▶ **Supplied information**
⁂

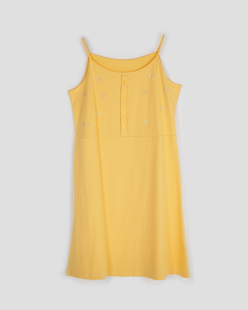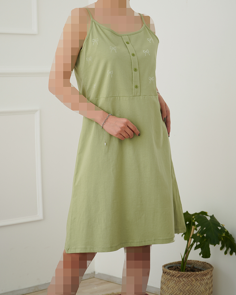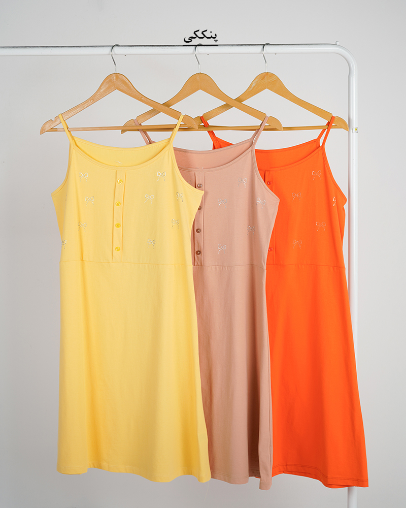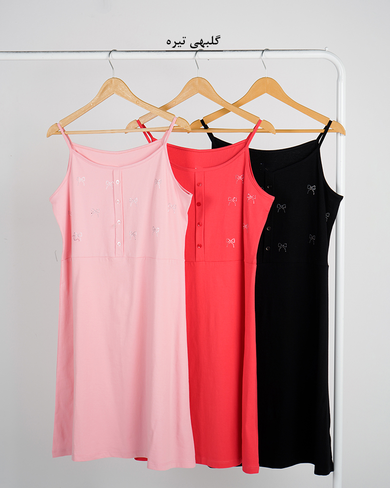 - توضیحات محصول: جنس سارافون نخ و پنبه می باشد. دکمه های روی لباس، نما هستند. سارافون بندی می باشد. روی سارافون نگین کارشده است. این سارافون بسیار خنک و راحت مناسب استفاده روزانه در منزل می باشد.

⁂

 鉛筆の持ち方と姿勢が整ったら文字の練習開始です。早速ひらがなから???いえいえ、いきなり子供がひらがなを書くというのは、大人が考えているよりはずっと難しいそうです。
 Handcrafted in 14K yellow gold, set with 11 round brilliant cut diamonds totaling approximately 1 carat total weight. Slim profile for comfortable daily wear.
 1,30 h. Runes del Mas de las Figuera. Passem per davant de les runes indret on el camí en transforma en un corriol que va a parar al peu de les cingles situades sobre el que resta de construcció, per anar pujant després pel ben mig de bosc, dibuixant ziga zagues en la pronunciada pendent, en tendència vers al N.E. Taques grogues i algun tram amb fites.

⁂

▶ **Work request**
Send back exactly the lines of the listing above starting at the one with "鉛筆の持ち方と姿勢が整ったら" and ending at the one with "Handcrafted in 14K", inclusive, and no others.

▶ **Problem solution**
 鉛筆の持ち方と姿勢が整ったら文字の練習開始です。早速ひらがなから???いえいえ、いきなり子供がひらがなを書くというのは、大人が考えているよりはずっと難しいそうです。
 Handcrafted in 14K yellow gold, set with 11 round brilliant cut diamonds totaling approximately 1 carat total weight. Slim profile for comfortable daily wear.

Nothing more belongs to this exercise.